I think this column collection is only consumed for iteration-purposes, not actually stored under an AST node, meaning a list is not strictly necessary.

georgesittas · 2026-06-08T11:11:38Z

+    has_level = any(e.alias_or_name.upper() == "LEVEL" for e in selects)
+
+    # Anchor: original projections filtered by START WITH; seeds LEVEL at 1.
+    anchor_projs = [e.copy() for e in selects] + [exp.column(c) for c in extra_cols]


We do quite a few of copying in this transformation. Let's double-check whether all of the copy() calls are needed, dropping the redundant ones. Some builder methods already copy some of their arguments, for example.

georgesittas · 2026-06-08T11:12:16Z

+    # Inject LEVEL as a synthetic depth counter unless the query already projects it.
+    has_level = any(e.alias_or_name.upper() == "LEVEL" for e in selects)


I'm not sure if this is right. A couple of examples:

If you have a SELECT * in Snowflake, LEVER is not included in the output schema, but I believe the transpiled DuckDB query will include it

If LEVEL appears in a Snowflake query, it's left as-is, resulting in a DuckDB binding error, since we don't produce a computed column for it in that case

I think that we should always produce a computed LEVEL column in the recursive CTE and only project it in the top-level query, when it's explicitly projected in the source query, too. Otherwise, we can do a SELECT * EXCLUDE (LEVEL) ... or something along those lines.

Let's add some tests for LEVEL usage. A few simple tests will expose these issues, if they exist.

FYI, Snowflake appears to always give precedence to the LEVEL pseudo-column, despite the possible existence of a physical LEVEL column. In other words: the pseudo-column always shadows.

georgesittas · 2026-06-08T11:33:18Z

+    existing_where = expression.args.get("where")
+    existing_with = expression.args.get("with_")
+
+    # WHERE columns absent from SELECT must be carried through the CTE so the outer filter can see them.


What if you have SELECT * FROM x WHERE c > 1 START WITH ...? Does the extra_cols logic result in duplicating c in the projection list? That may cause ambiguity issues if that's the case. Let's check this.

georgesittas · 2026-06-08T11:42:24Z

+    # Recursive arm: qualify every column to _child_row (the new row) to disambiguate from _parent_row (the CTE/parent row).
+    # Identify which side of the equality is PRIOR (parent key) and which is the child FK.
+    parent_col = prior.this
+    child_col = connect_pred.expression if connect_pred.this is prior else connect_pred.this


What if the predicate contains arithmetic, e.g., PRIOR x = y - 1. Do we handle cases like this?

will add support for that, and walk the expression to qualify nodes.

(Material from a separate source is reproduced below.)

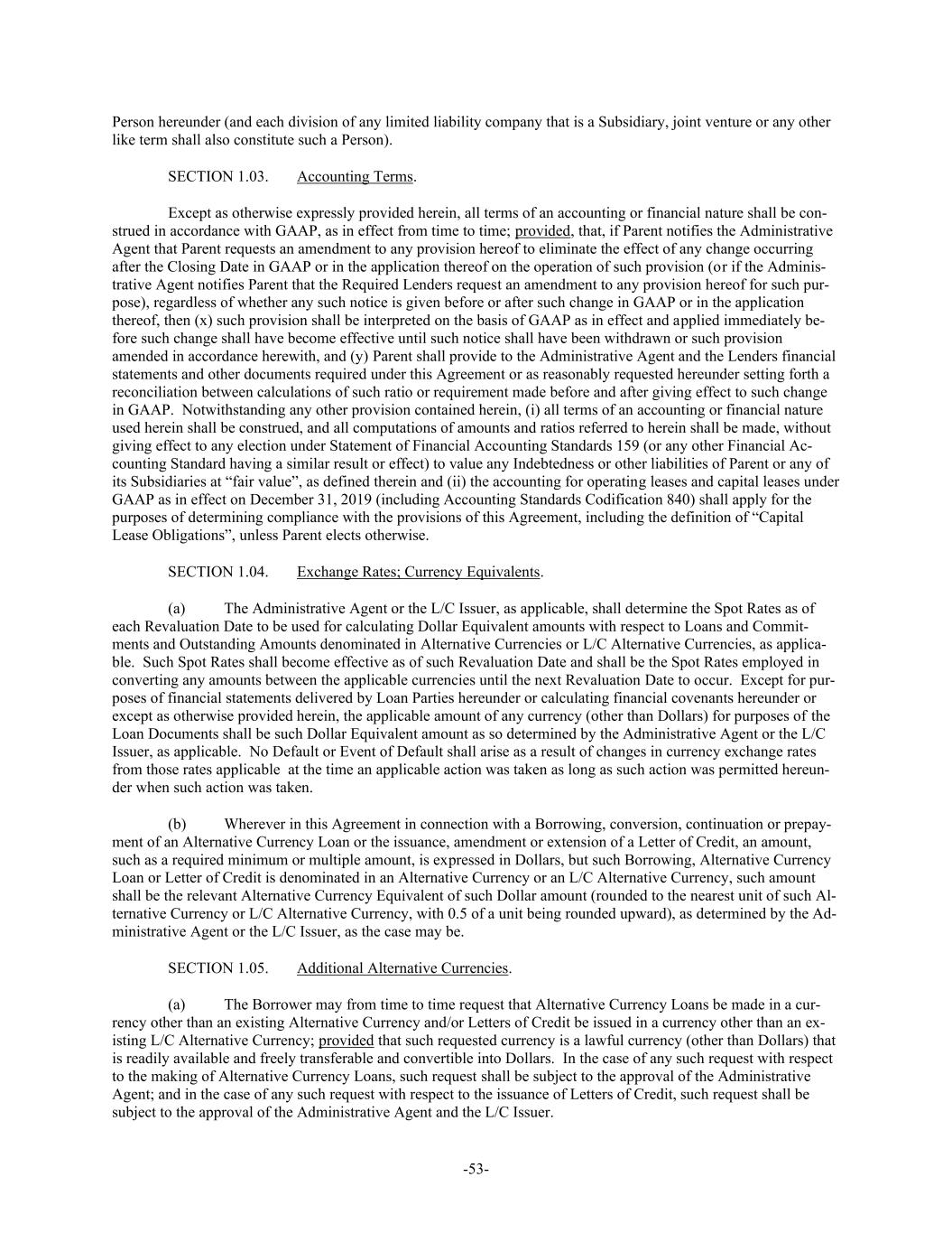 -53- Person hereunder (and each division of any limited liability company that is a Subsidiary, joint venture or any other like term shall also constitute such a Person). SECTION 1.03. Accounting Terms. Except as otherwise expressly provided herein, all terms of an accounting or financial nature shall be con- strued in accordance with GAAP, as in effect from time to time; provided, that, if Parent notifies the Administrative Agent that Parent requests an amendment to any provision hereof to eliminate the effect of any change occurring after the Closing Date in GAAP or in the application thereof on the operation of such provision (or if the Adminis- trative Agent notifies Parent that the Required Lenders request an amendment to any provision hereof for such pur- pose), regardless of whether any such notice is given before or after such change in GAAP or in the application thereof, then (x) such provision shall be interpreted on the basis of GAAP as in effect and applied immediately be- fore such change shall have become effective until such notice shall have been withdrawn or such provision amended in accordance herewith, and (y) Parent shall provide to the Administrative Agent and the Lenders financial statements and other documents required under this Agreement or as reasonably requested hereunder setting forth a reconciliation between calculations of such ratio or requirement made before and after giving effect to such change in GAAP. Notwithstanding any other provision contained herein, (i) all terms of an accounting or financial nature used herein shall be construed, and all computations of amounts and ratios referred to herein shall be made, without giving effect to any election under Statement of Financial Accounting Standards 159 (or any other Financial Ac- counting Standard having a similar result or effect) to value any Indebtedness or other liabilities of Parent or any of its Subsidiaries at “fair value”, as defined therein and (ii) the accounting for operating leases and capital leases under GAAP as in effect on December 31, 2019 (including Accounting Standards Codification 840) shall apply for the purposes of determining compliance with the provisions of this Agreement, including the definition of “Capital Lease Obligations”, unless Parent elects otherwise. SECTION 1.04. Exchange Rates; Currency Equivalents. (a) The Administrative Agent or the L/C Issuer, as applicable, shall determine the Spot Rates as of each Revaluation Date to be used for calculating Dollar Equivalent amounts with respect to Loans and Commit- ments and Outstanding Amounts denominated in Alternative Currencies or L/C Alternative Currencies, as applica- ble. Such Spot Rates shall become effective as of such Revaluation Date and shall be the Spot Rates employed in converting any amounts between the applicable currencies until the next Revaluation Date to occur. Except for pur- poses of financial statements delivered by Loan Parties hereunder or calculating financial covenants hereunder or except as otherwise provided herein, the applicable amount of any currency (other than Dollars) for purposes of the Loan Documents shall be such Dollar Equivalent amount as so determined by the Administrative Agent or the L/C Issuer, as applicable. No Default or Event of Default shall arise as a result of changes in currency exchange rates from those rates applicable at the time an applicable action was taken as long as such action was permitted hereun- der when such action was taken. (b) Wherever in this Agreement in connection with a Borrowing, conversion, continuation or prepay- ment of an Alternative Currency Loan or the issuance, amendment or extension of a Letter of Credit, an amount, such as a required minimum or multiple amount, is expressed in Dollars, but such Borrowing, Alternative Currency Loan or Letter of Credit is denominated in an Alternative Currency or an L/C Alternative Currency, such amount shall be the relevant Alternative Currency Equivalent of such Dollar amount (rounded to the nearest unit of such Al- ternative Currency or L/C Alternative Currency, with 0.5 of a unit being rounded upward), as determined by the Ad- ministrative Agent or the L/C Issuer, as the case may be. SECTION 1.05. Additional Alternative Currencies. (a) The Borrower may from time to time request that Alternative Currency Loans be made in a cur- rency other than an existing Alternative Currency and/or Letters of Credit be issued in a currency other than an ex- isting L/C Alternative Currency; provided that such requested currency is a lawful currency (other than Dollars) that is readily available and freely transferable and convertible into Dollars. In the case of any such request with respect to the making of Alternative Currency Loans, such request shall be subject to the approval of the Administrative Agent; and in the case of any such request with respect to the issuance of Letters of Credit, such request shall be subject to the approval of the Administrative Agent and the L/C Issuer.

georgesittas · 2026-06-08T11:44:25Z

+
+    # Attach the CTE, marking the WITH clause recursive. Preserve any existing CTEs.
+    if existing_with:
+        new_with = existing_with.copy()


Why do we need to copy() here?

Wouldn't we need a copy given that we're modifying it below? new_with.set("recursive", True), etc? I'm still slightly unclear when a copy is needed.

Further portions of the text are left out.